Die Metropolregion Rhein-Neckar – Raum für Gesundheit mit den Zentren Mannheim und Heidelberg fördert die aktive und selbstbestimmte Beteiligung der Patienten am Versorgungsgeschehen. Hierfür bündelt die Region ihre herausragende Kompetenz in den Bereichen Informationstechnologie, Lebenswissenschaften und Gesundheitsversorgung. Durch die regionale Vernetzung von Leistungserbringern und die Zusammenführung von Behandlungsdaten in einer patientengeführten elektronischen Akte soll insbesondere die Versorgung chronisch kranker Patienten verbessert werden. Unterstützt wird dieses Konzept durch ein softwarebasiertes Einzelfall-Management und ein Arzneimittel-Therapie-Sicherheitssystem. Eine Datenbank ermöglicht darüber hinaus ein kontinuierliches regionales Gesundheitsmonitoring.

Begleitforschung zu Gesundheitsregionen
Die unterschiedlichen Konzepte der Gewinner des BMBF-Wettbewerbs „Gesundheitsregionen der Zukunft“ zeigen, dass es keine Standard-Gesundheitsregion gibt, sondern vielmehr ein breitgefächertes Bündel an thematisch und strukturell zukunftsweisenden Konzepten. Aufgrund der großen ökonomischen und gesellschaftlichen Bedeutung der Gesundheitswirtschaft wird das BMBF ein Forschungsvorhaben fördern, das Faktoren für eine erfolgreiche Entwicklung von Gesundheitsregionen untersucht.
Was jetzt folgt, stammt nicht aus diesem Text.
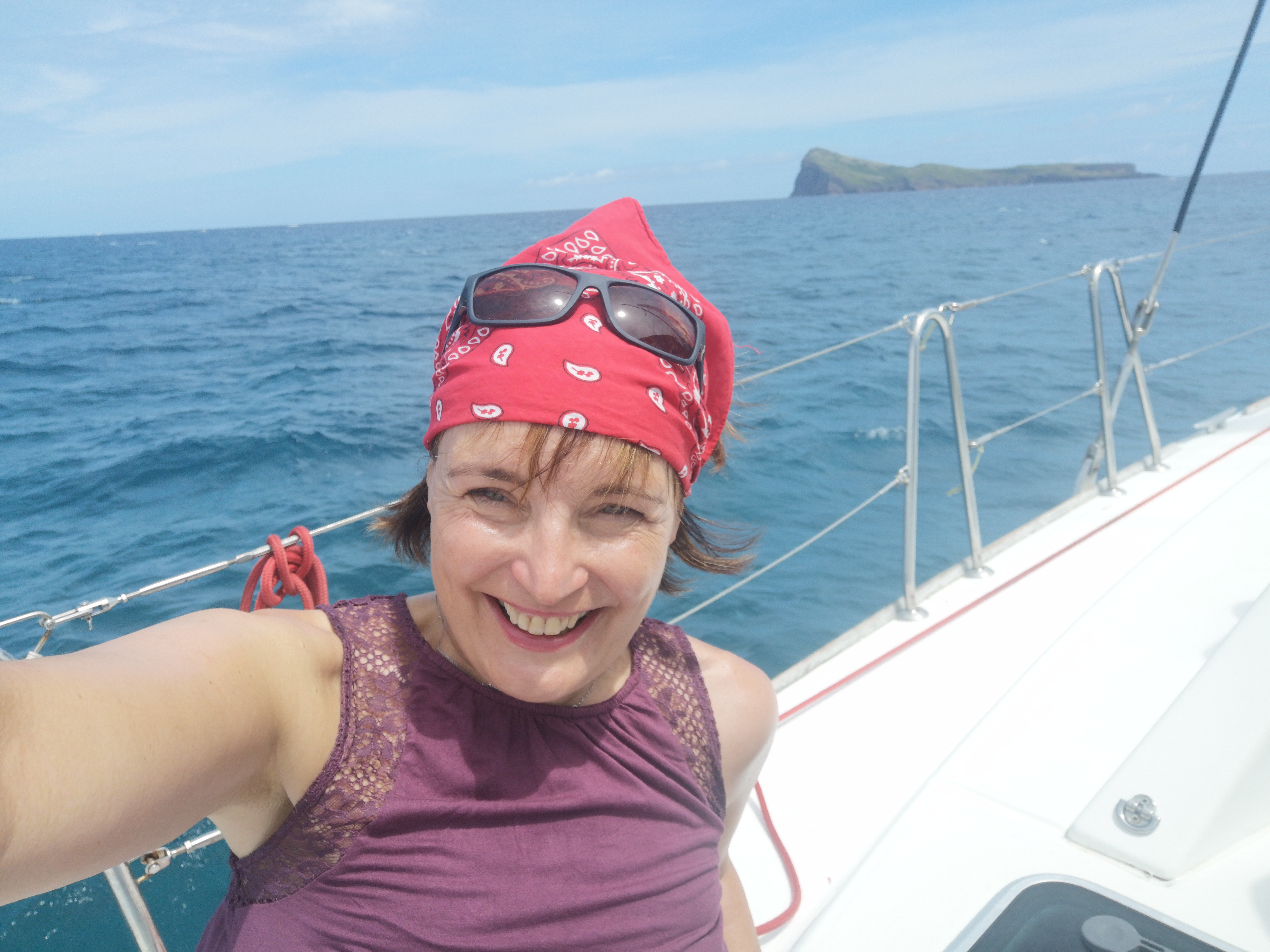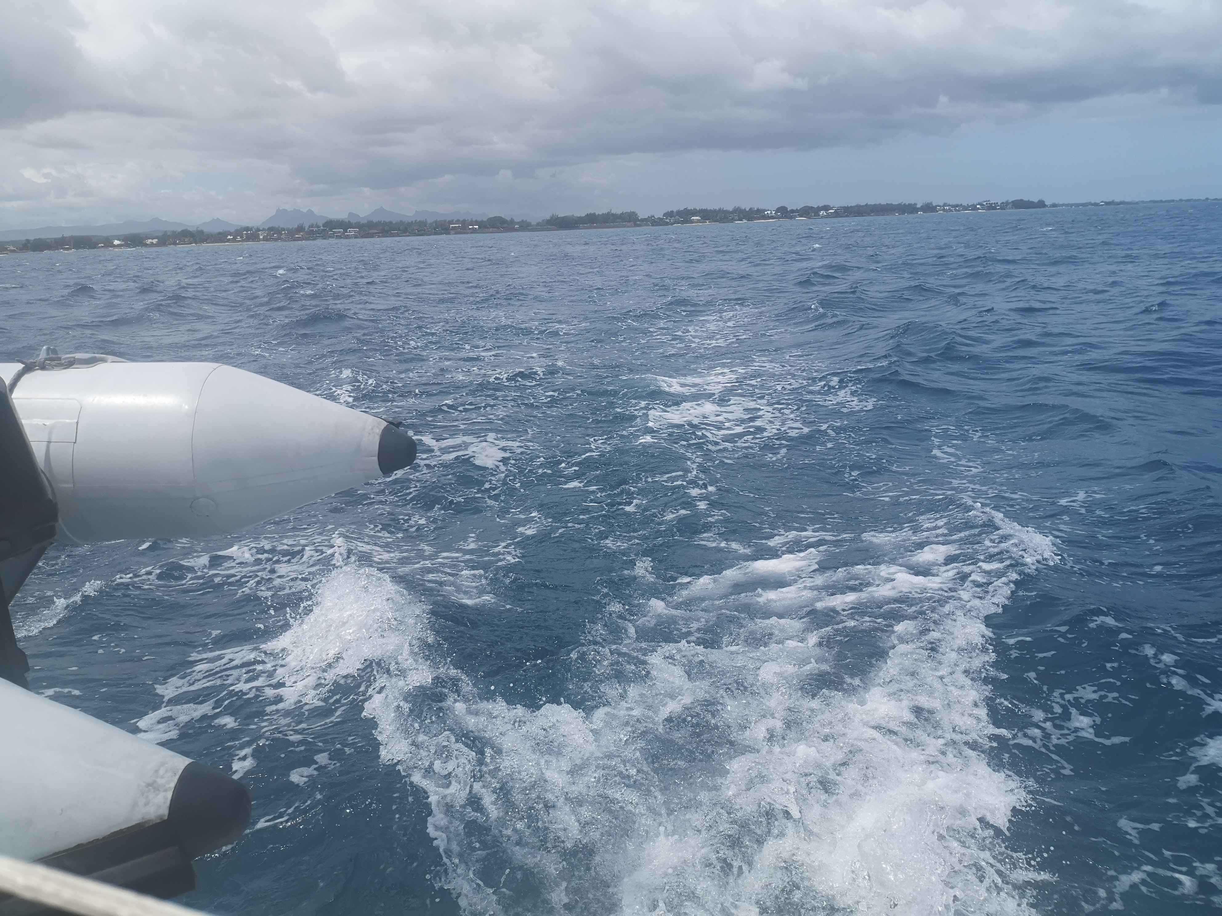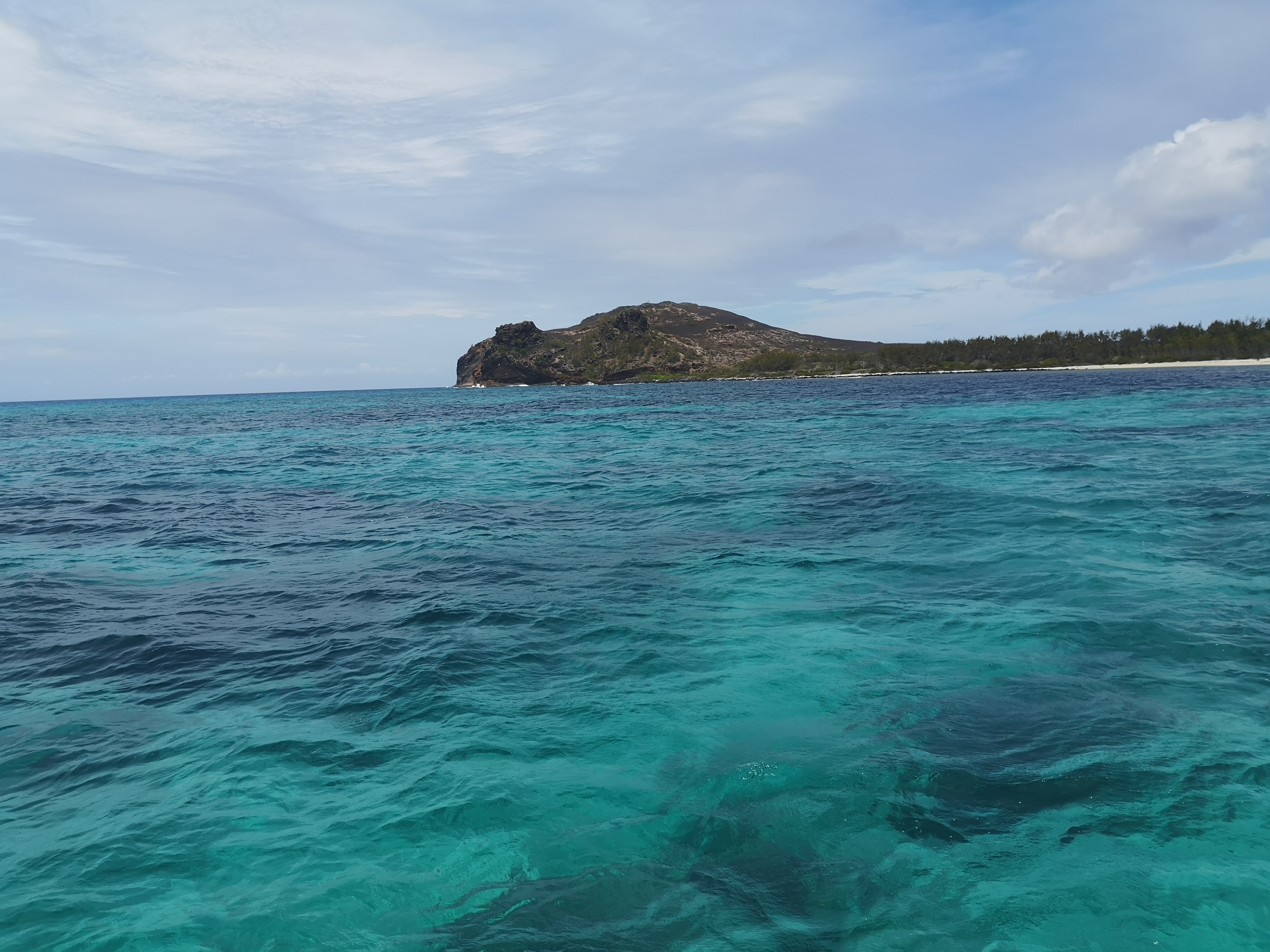 Los ging es in Pereybère am Strand Bain Boeuf, dort wo mich der Strandverkäufer ansprach. Und er erkannte mich sogar wieder, mit Namen. Auf unserem Cruise waren wir zu sechst: eine Mauritierin mit ihrer Nichte aus London, ein Paar aus der Schweiz / Litauen und wir. Also ideal in COVID Zeiten. Wir wurden mit einer Art Selbstbaufloß- Fähre zum Katamaran gebracht und dort vom Skipper und Entertainer begrüßt. Und auf ging es 1 1/2 h bis zu den Inseln Gabriel und Flat island. Es war etwas windig, Wellen recht hoch und der Katamaran schaukelte so, dass man nicht in den vorderen Netzen sitzen konnte. Die wurden nur freigegeben, wenn wir vor Anker gingen. Die Fahrt selbst war ein Genuss: frische Meeresbrise, azurblaues Meer, ein bisschen bedeckt. Segamusik im Hintergrund. Wir versuchten, an der Seite des Bootes zu sitzen, was nicht ganz so gefährlich war, wie vorn in den Netzen. Trotz des Wellenganges wurde uns auch nicht schlecht.
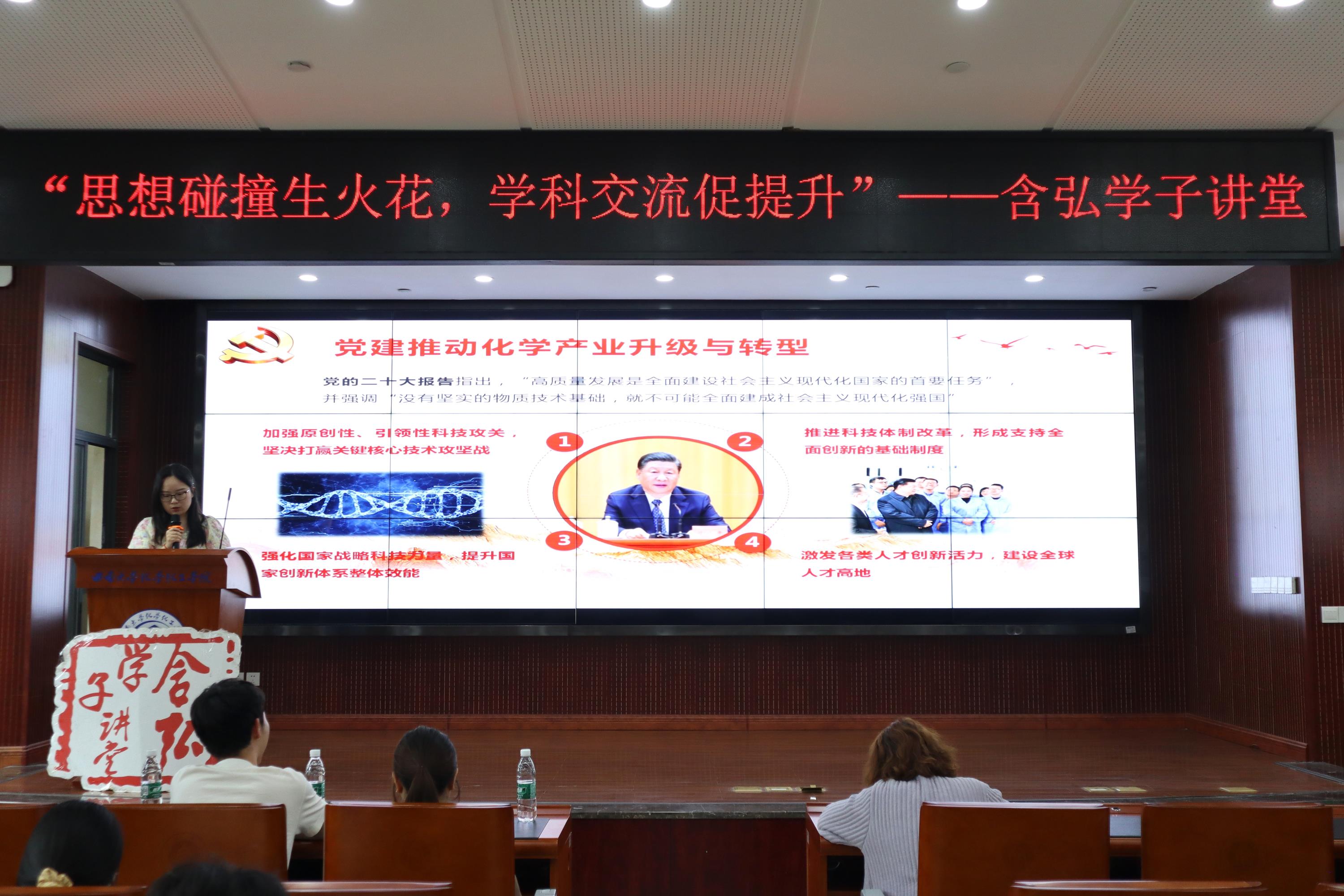 化学化工学院的陈怡霏同学以“党建创新与化学发展:理论与实践”为主题介绍了党建创新与化学发展之间的故事。她分别从党建创新理论与化学科技创新、党建推动化学产业升级与转型、党建创新促进化学人才培养和党建创新引领化学未来发展这四个方面向我们阐述了党建创新与化学发展之间的关系,她的讲解深入地将党建与化学发展相结合,展示了党建创新引领化学未来发展的重要意义。

Mit dem Forschungsprojekt sollen möglichst viele Gesundheitsregionen, auch solche, die nicht zu den Gewinnern des Wettbewerbs gehören, auf ihrem Entwicklungsweg unterstützend begleitet und analysiert werden. Die Ergebnisse des Begleitforschungsprojekts sind nicht nur für die Akteure aus den Gesundheitsregionen von erheblichem Interesse. Sie werden auch den Verantwortlichen in Gesundheitsversorgung und -wirtschaft wichtige Informationen für zukünftige Entscheidungen liefern.

Ausblick
Schon jetzt wird deutlich, dass die gemeinsame Arbeit an den Konzepten in den am BMBF-Wettbewerb „Gesundheitsregionen der Zukunft“ beteiligten Regionen die Kooperation der Akteure intensiviert und erhebliches Innovationspotenzial mobilisiert hat. Dies ist ein wichtiger Schritt auf dem Weg zur Stärkung der deutschen Gesundheitswirtschaft und zur Verbesserung der Versorgung von Patientinnen und Patienten. Forschung ist dabei Ausgangspunkt für innovative Lösungen. Um die guten Ideen in Produkt- und Prozessinnovationen umsetzen zu können, ist eine Vernetzung der Akteure über die gesamte Wertschöpfungskette notwendig. Dazu müssen traditionelle Grenzen, auch zwischen den Sektoren des Gesundheitssystems, überwunden werden. Die vom BMBF prämierten „Gesundheitsregionen der Zukunft“ werden in den kommenden vier Jahren zeigen, wie Prozesse und Strukturen im Gesundheitswesen durch Forschung und Entwicklung beeinflusst und verändert werden können.